System suitability tests were carried out as per USP XXIV [23] on freshly prepared standard stock solutions of ATV and AML, and parameters obtained are summarized (Table 1). Intra- and Inter-day precision studies were carried out, and results show that the method is reproducible. Limit of detection and limit of quantification were found to be 0.13 μg/ml and 0.32 μg/ml for ATV respectively and 0.09 μg/ml and 0.2 μg/ml for AML respectively (Table 1). The results obtained by the proposed method were close to the label claim of both the drugs (Table 2). The low value of standard deviation indicates that the method is accurate.

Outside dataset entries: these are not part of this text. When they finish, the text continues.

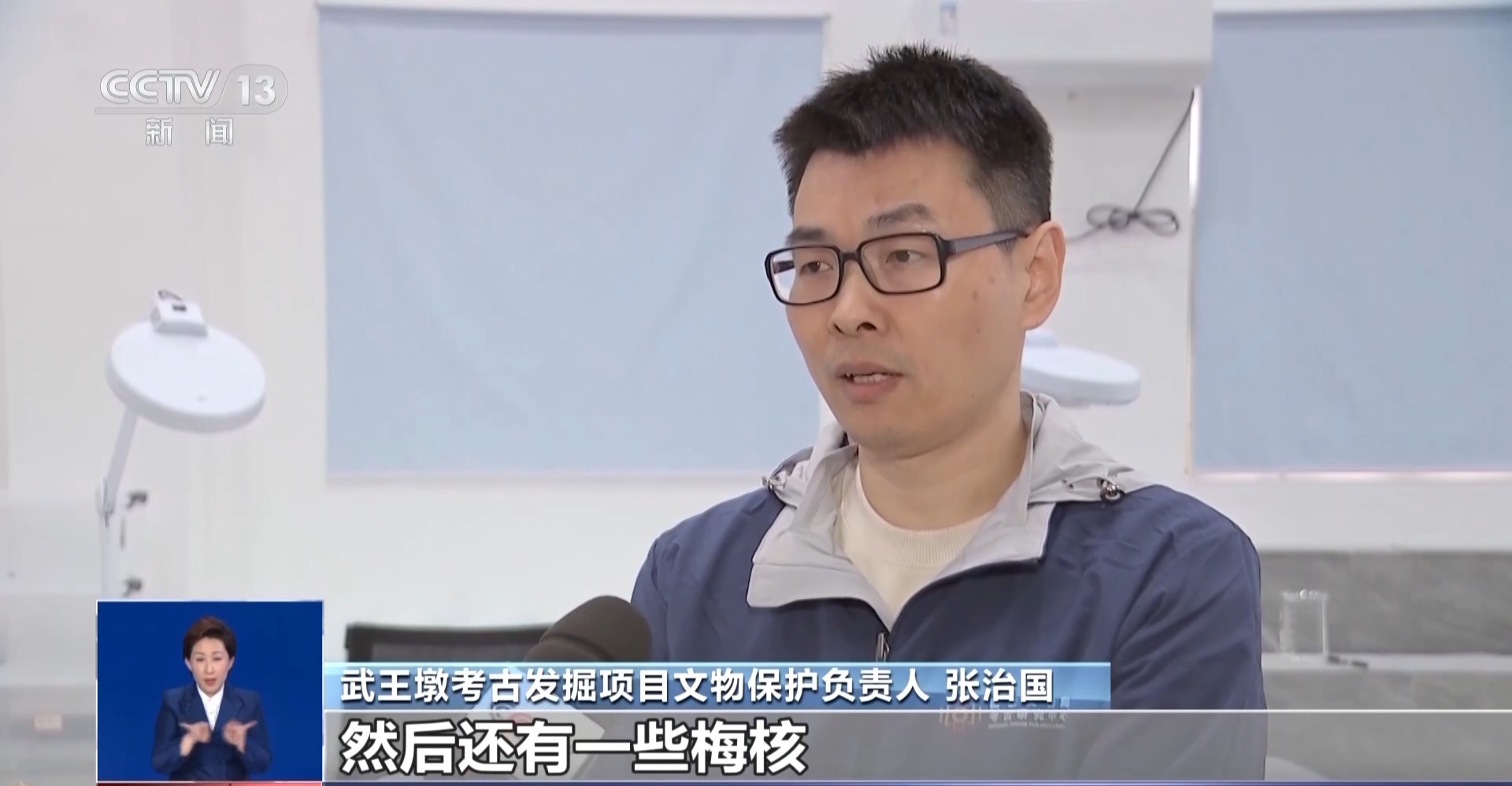 武王墩考古發(fā)掘項(xiàng)目文物保護(hù)負(fù)責(zé)人 張治國:發(fā)現(xiàn)大部分的這個(gè)里面都是一些樹葉,然后還有果核,可能還有一些草編的痕跡,目前初步鑒定出來的有甜瓜籽,然后還有一些梅核。
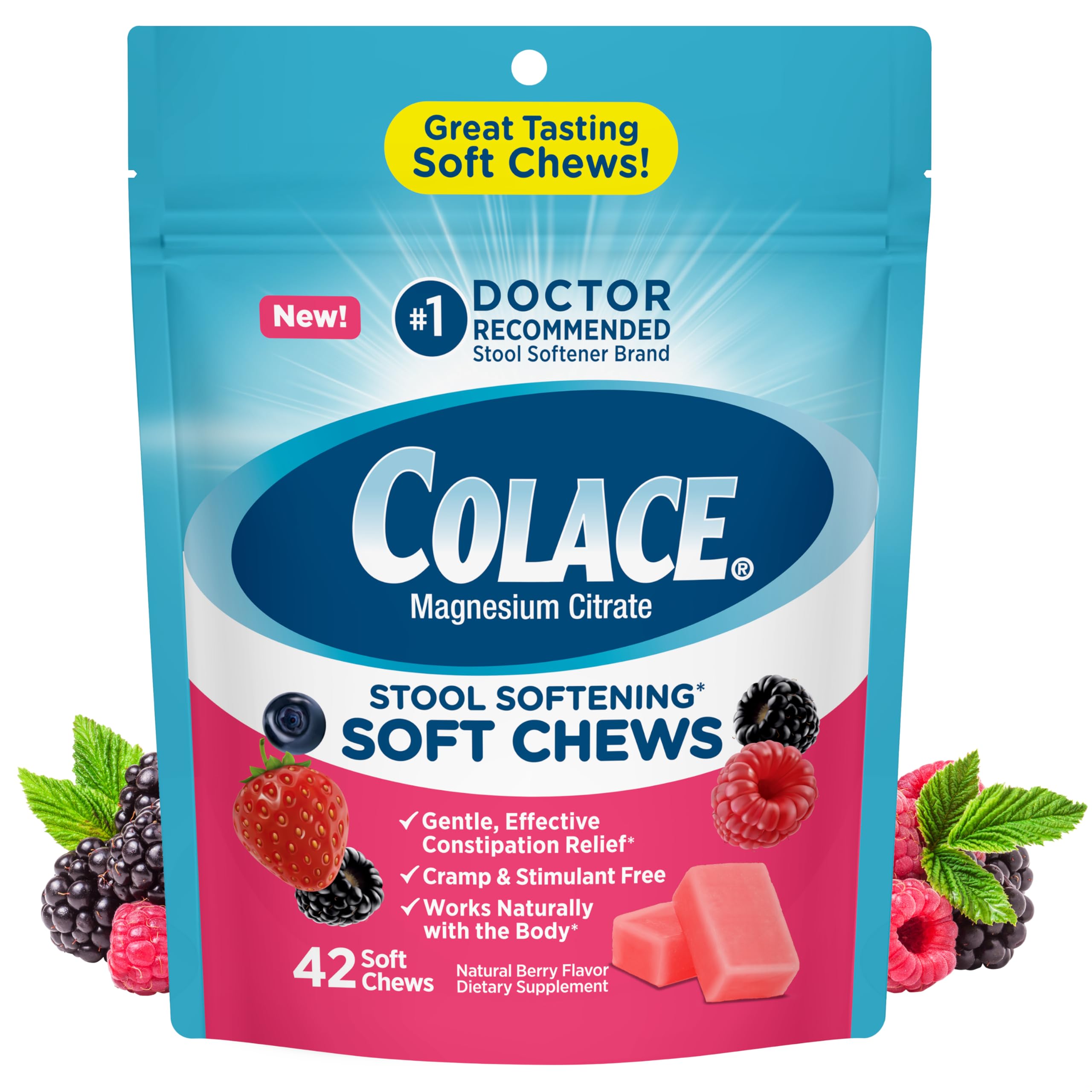 Colace, the 1 Doctor Recommended stool softener, now has soft chews. The new soft chews provide you with the same gentle constipation relief as the capsule now in a soft mixed berry chewable. Works naturally with the body, relieving discomfort from constipation by increg water in the stool, softening it and making bowel movements more comfortable. No stimulants, no straining and no cramping with Colace mixed berry soft chews
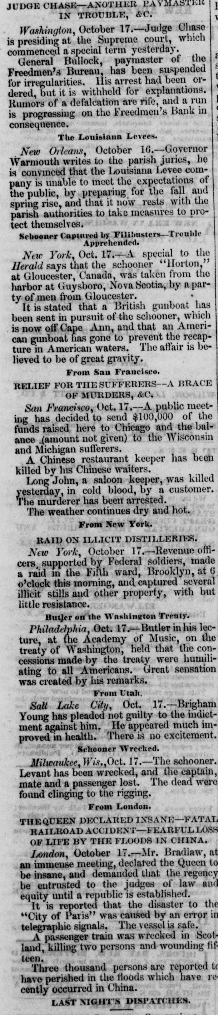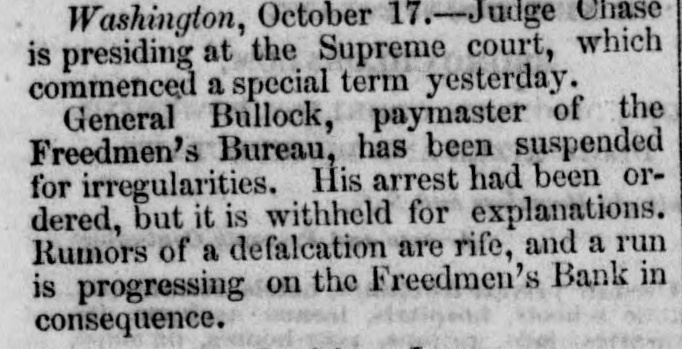 General Bullock, paymaster of the Freedmen's Bureau, has been suspended for irregularities. His arrest had been ordered, but it is withheld for explanations. Rumors of a defalcation are rife, and a run is progressing on the Freedmen's Bank in consequence.
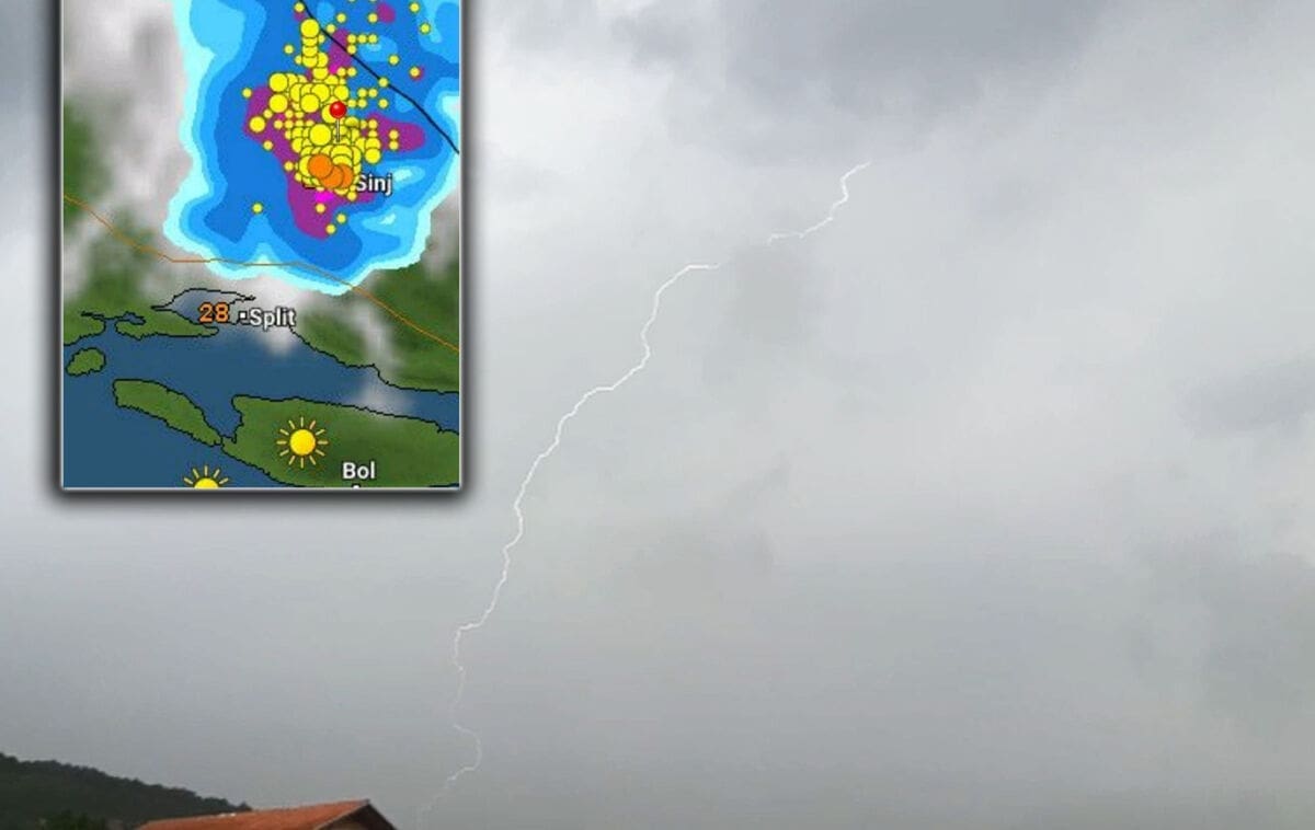 Nakon što je jutros grmljavinsko nevrijeme zahvatilo sjevernu Dalmaciju, u popodnevnim satima nevrijeme je zahvatilo dijelove Zagore srednje Dalmacije. Iza 14 sati linija grmljavinskih oblaka zahvatila je Cetinsku krajinu, a najjače nevrijeme pogodilo je područje Hrvaca.
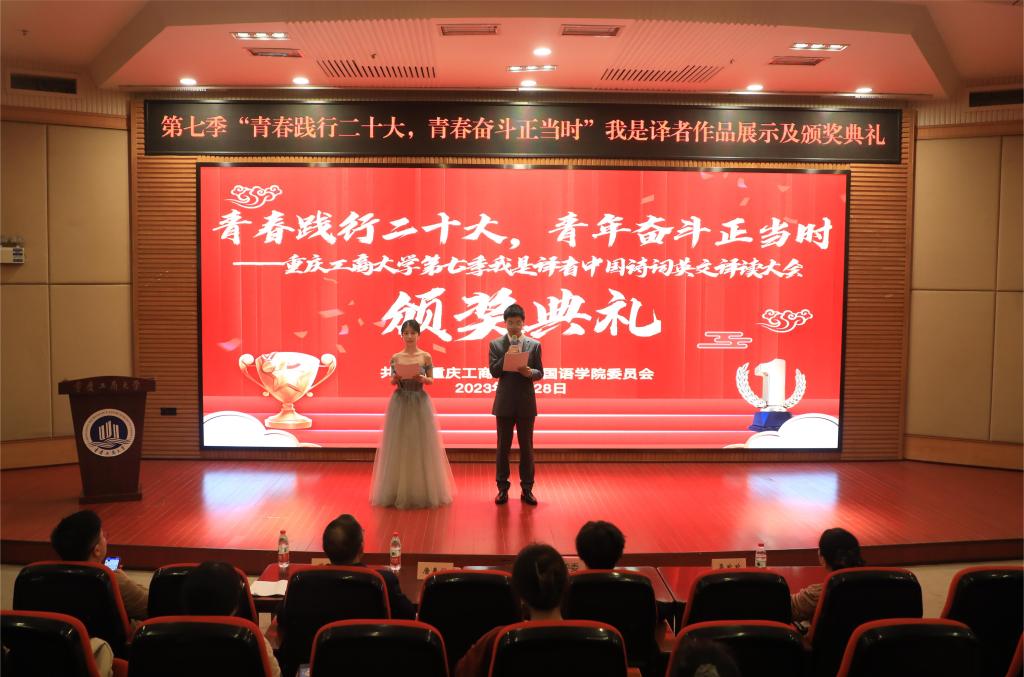 4月28日下午,第七季“我是译者”中国诗词英文译读大会作品展示暨颁奖典礼在7200报告厅举行。公司党委书记唐春秋,副书记吴欢欢,分团委书记周利民及评审老师季峥出席活动现场。颁奖仪式包含为获奖作品颁奖、优秀作品朗读、选手翻译经验分享和评委翻译技巧点评分享四个环节。无论是龙凤、李雪菲、兰星、陈江冰、马晓菲、赵倩娴六位同学翻译的二十大金句,还是马晓菲翻译的《书愤》,李思雨翻译的《望江南·超然台作》,都得到了评审老师的充分肯定。通过参与本次活动,同学们翻译的基本功得到了进一步锤炼,在外语翻译的过程中,同学们也重温了中国传统优秀文化和党的二十大精神,达到了以赛促学的目的。点评老师季峥讲到“虽然中国文化的外译和传播‘道艰且长’,但是‘行则将至’,只要我们译者坐得住板凳,耐得住寂寞,‘行而不辍’,终将‘未来可期’。”
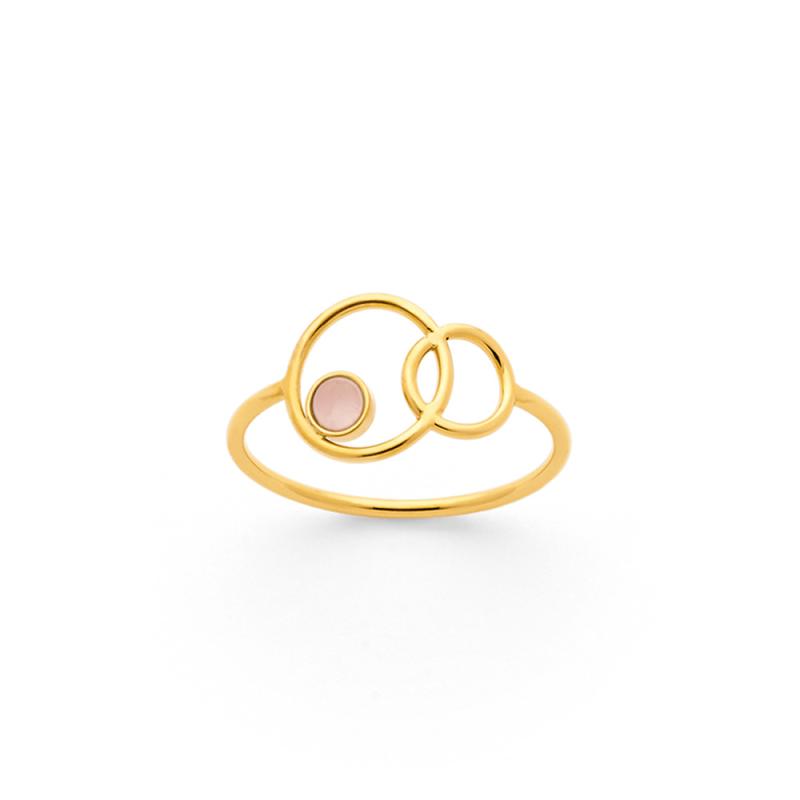 Bague acier doré avec quartz rose taille 50 à 60
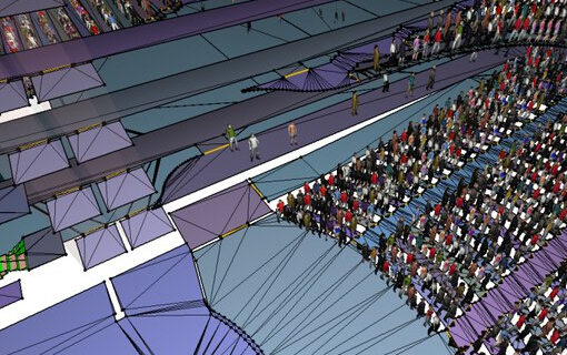 -Pathfinder西寧人員疏散能力模擬分析軟件還專門提供了高性能可視化的3D時(shí)間歷程模擬,利用透明化功能來更好地顯示密集人群在樓層中的疏散情況。
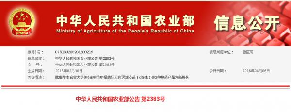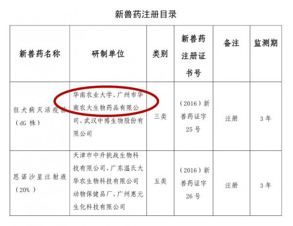 根據(jù)《獸藥管理條例》和《獸藥注冊辦法》規(guī)定,經(jīng)審查,批準(zhǔn)華南農(nóng)業(yè)大學(xué)等6家單位申報的狂犬病滅活疫苗(dG株)等2種獸藥產(chǎn)品為新獸藥,核發(fā)《新獸藥注冊證書》,并發(fā)布產(chǎn)品試行規(guī)程、質(zhì)量標(biāo)準(zhǔn)、說明書和標(biāo)簽,自發(fā)布之日起執(zhí)行。
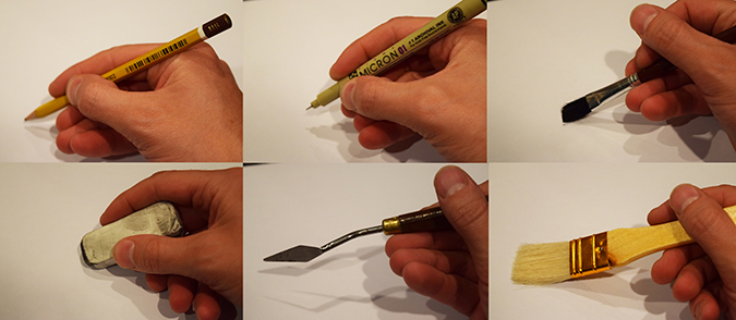 With traditional art, you have a different tool for everything. You have a fishing toolbox in college when you carry along every implement you might even remotely use, from ink and pencils to erasers and a variety of paintbrushes. You learn how to clean brushes, use turpentine, clean paint off your beard, and get it out of your hair and off your dog.
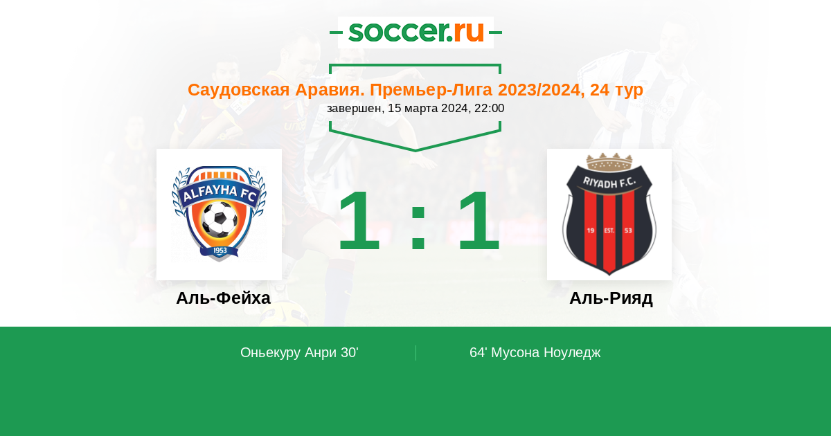 Протокол матча Аль-Фейха против Аль-Рияд

To study the accuracy of the proposed method, recovery experiments were carried out. A fixed amount of pre-analyzed sample was taken and standard drug was added at three different concentrations. The values of percentage recovery show that the proposed method is accurate (Table 3). The proposed method is accurate, precise, repeatable and reproducible and can be used for routine analysis of ATV and AML in combination tablets.
Parameters | AT V | AML |
---|---|---|
Retention time (min) | 7.6 | 3.2 |
Asymmetry (n=5) | 1.29 | 1.49 |
Resolution (n=5) | 18 | |
Theoretical plates (n=5) | 10736 | 5125 |
Calibration range | 5 – 120 mg/ml | 5 – 100 mg/ml |
Limit of detection | 0.13 mg/ml | 0.09 mg/ml |
Limit of quantification | 0.32 mg/ml | 0.2 mg/ml |
Different validation and system suitability parameters of proposed method
Table 1: Validation And System Suitability Parameters
Formulation | Labeled amount (mg) | Amount found (mg)* | % of drug found ± SD* | |||||
---|---|---|---|---|---|---|---|---|
AT V | AML | AT V | AML | AT V | AML | |||
Tablet 1 | 10.34 | 6.93 | 10.28 | 6.85 | 99.42 ± 0.93 | 98.84 ± 0.94 | ||
Tablet 2 | 10.34 | 6.93 | 10.25 | 6.88 | 99.13 ± 0.91 | 99.28 ± 0.87 |
*Mean value ± standard deviation of three determinations; Tablet 1 is Avas AM, manufactured by Micro Laboratories Ltd., India; and Tablet 2 is Starcad, manufactured by Lupin Labs. Ltd., India, both containing atorvastatin calcium equivalent to atorvastatin 10 mg and 5 mg of amlodipine, ATV is atorvastatin calcium and AML is amlodipine besylate
Table 2: Analysis Of Atv And Aml In Tablets
Amount of sample taken (µg/ml) | Amount of standard drug added (µg/ml) | Amount of drug recovered (µg/ml) | % drug recovered | ||||
---|---|---|---|---|---|---|---|
AT V | AML | AT V | AML | AT V | AML | AT V | AML |
20 | 13.4 | 0 | 0 | 19.67 | 13.62 | 98.35 | 101.64 |
20 | 13.4 | 0 | 0 | 19.87 | 13.38 | 99.35 | 99.85 |
20 | 13.4 | 0 | 0 | 20.08 | 13.29 | 100.40 | 99.18 |
20 | 13.4 | 10 | 7 | 29.70 | 20.47 | 99.00 | 100.34 |
20 | 13.4 | 10 | 7 | 29.79 | 20.32 | 99.30 | 99.61 |
20 | 13.4 | 10 | 7 | 29.45 | 20.20 | 98.17 | 99.02 |
20 | 13.4 | 20 | 15 | 39.47 | 28.47 | 98.67 | 100.25 |
20 | 13.4 | 20 | 15 | 39.71 | 28.27 | 99.27 | 99.54 |
20 | 13.4 | 20 | 15 | 39.84 | 28.12 | 99.60 | 99.01 |
20 | 13.4 | 30 | 20 | 49.46 | 33.55 | 98.92 | 100.45 |
20 | 13.4 | 30 | 20 | 49.70 | 33.24 | 99.40 | 99.52 |
20 | 13.4 | 30 | 20 | 49.94 | 33.11 | 99.88 | 99.13 |
ATV -Aatorvastatin calcium, AML -Amlodipine besylate
Table 3: Recovery Study Of Atv And Aml
Acknowledgements
The authors are grateful to Dr. Tejal R. Gandhi, Principal, Anand Pharmacy College, Anand, for providing necessary facilities and encouragement. The authors are also thankful to M/s Blue Cross Labs. Ltd., Mumbai, for providing gift sample of atorvastatin calcium; and to M/s Torrent Pharmaceuticals Ltd., Ahmedabad, for providing gift sample of amlodipine besylate.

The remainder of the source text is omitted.